Taner Yüksel vom Sozialdienst muslimischer Frauen gab einen Einblick in die Väterarbeit eines muslimischen Frauenverbands. Er stellte ein Projekt vor, in dem gemeinsam mit Töchtern und Vätern gearbeitet wird. Deutlich machte er, dass es für eine migrationssensible Arbeit mit Vätern und Männern noch viele Kompetenzen und Ressourcen in der Mehrheitsgesellschaft braucht. Neben interkultureller Kompetenz seien beim Thema Vielfalt vor allem aber Sprachkompetenz und passgenaue Ansprachekonzepte ganz zentral.
 

Jahresempfang »Mehr Fortschritt wagen! Gleichstellungsorientierte Männerpolitik der Ampelkoalition«

Beim Jahresempfang standen Perspektiven einer gleichstellungsorientierten Männerpolitik in der aktuellen Legislatur im Fokus. Thomas Altgeld, Vorsitzender des Bundesforum Männer, eröffnete den Abend mit einer Standortbestimmung zum Selbstverständnis des Bundesforum Männer und einem Überblick zu verschiedenen gleichstellungspolitisch relevanten Vorhaben der Bundesregierung.
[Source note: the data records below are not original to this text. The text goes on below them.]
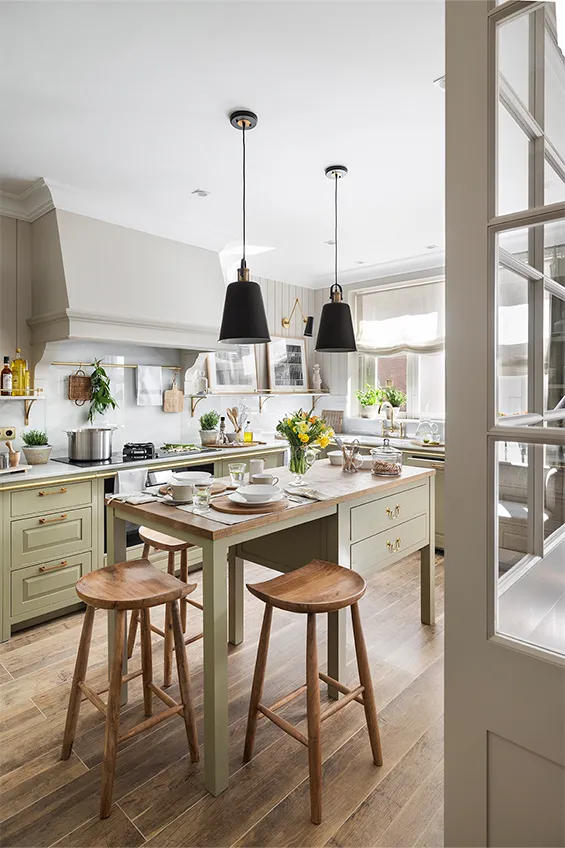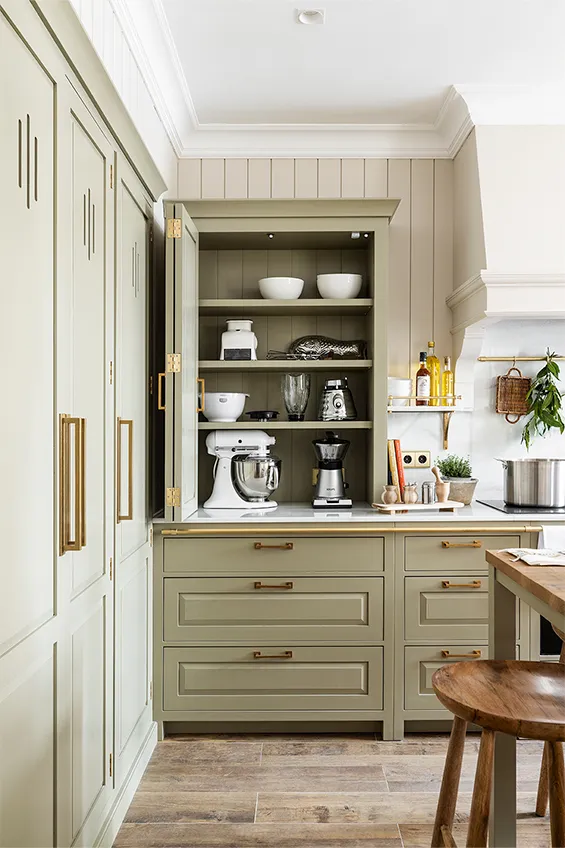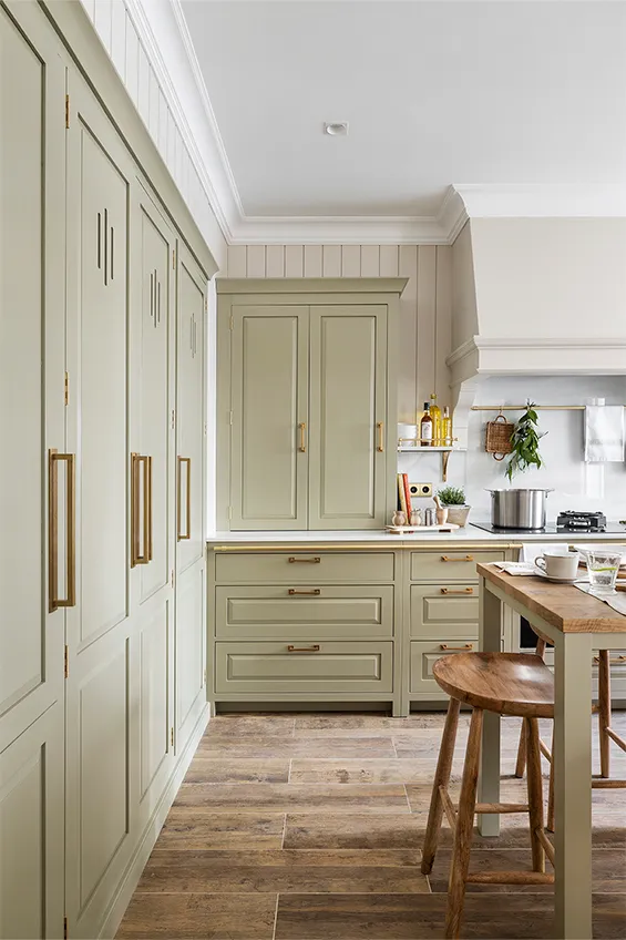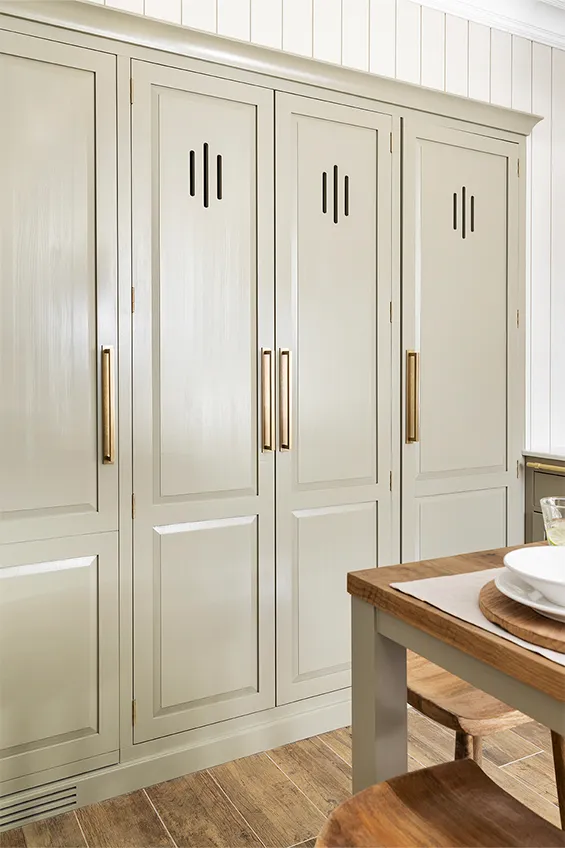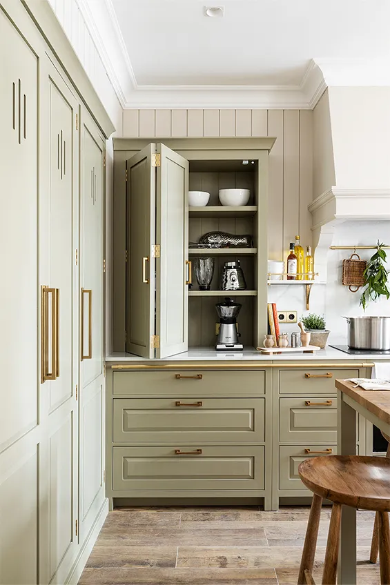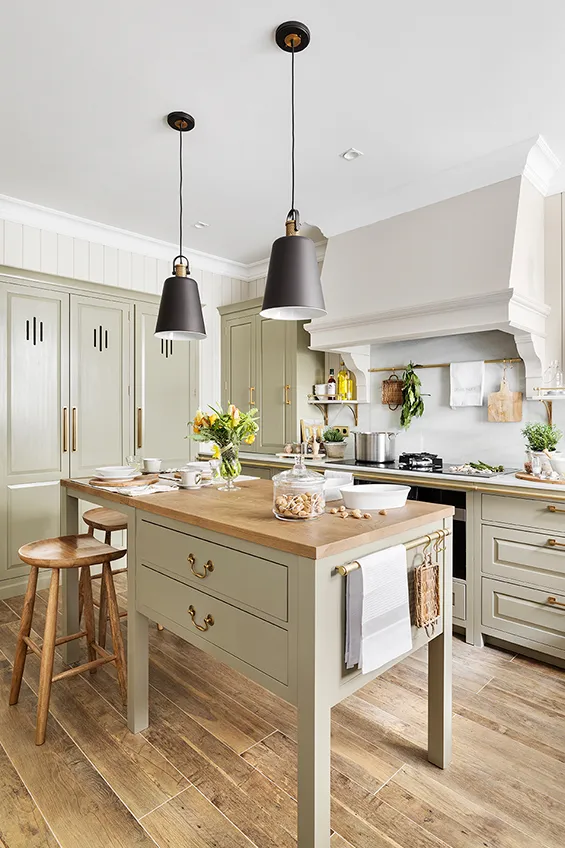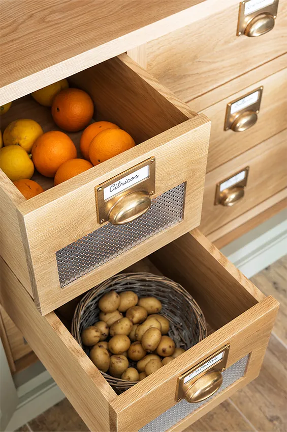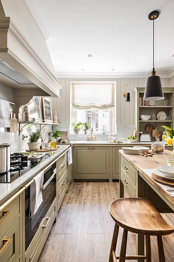 Los muebles de cocina están fabricados en madera maciza pintada a mano y elaborada artesanalmente en los talleres de Deulonder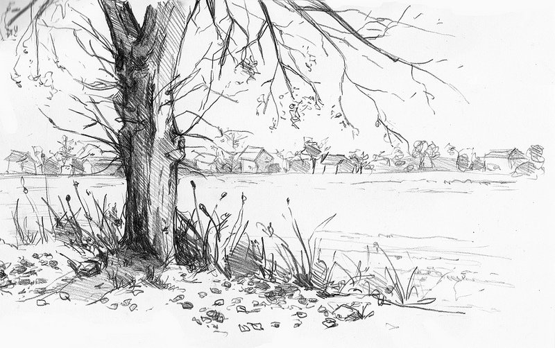 Когда рисуем архитектуру или просто сельский пейзаж — передайте настроение, (пасмурная погода, зима или лето). Постарайтесь передать перспективу. Очень важно не прорисовывать, здесь важно «ловить».
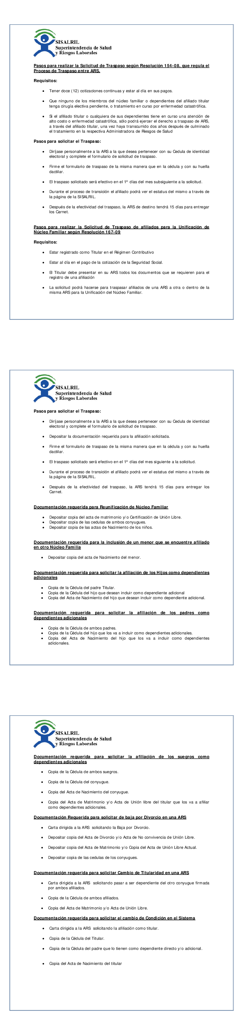 Pasos para realizar la Solicitud de Traspaso según Resolución 154-08, que regula el Proceso de Traspaso entre ARS | 44.89 KB | DescargarPrevisualizar |

In ihrem anschließenden Grußwort ging die neue Leiterin der Abteilung Gleichstellung im BMFSFJ, Frau Dr. Petra Follmar-Otto, näher auf einzelne Punkte aus dem Koalitionsvertrag ein.

Thomas Altgeld machte in seiner Einführung  deutlich, dass eine umfassende Gleichstellungspolitik Männer als Akteure und als Adressaten von Gleichstellungspolitik in den Blick nehmen muss: 1) als Unterstützer der Anliegen von Frauen, 2) hinsichtlich ihrer eigenen spezifischen Belange und Bedarfe und 3) als Teil einer gemeinsamen Bewegung für mehr Geschlechtergerechtigkeit. Diese Perspektive wird  er auch in den Stiftungsbeirat der Bundesstiftung Gleichstellung einbringen, in den er für das Bundesforum Männer berufen  wurde.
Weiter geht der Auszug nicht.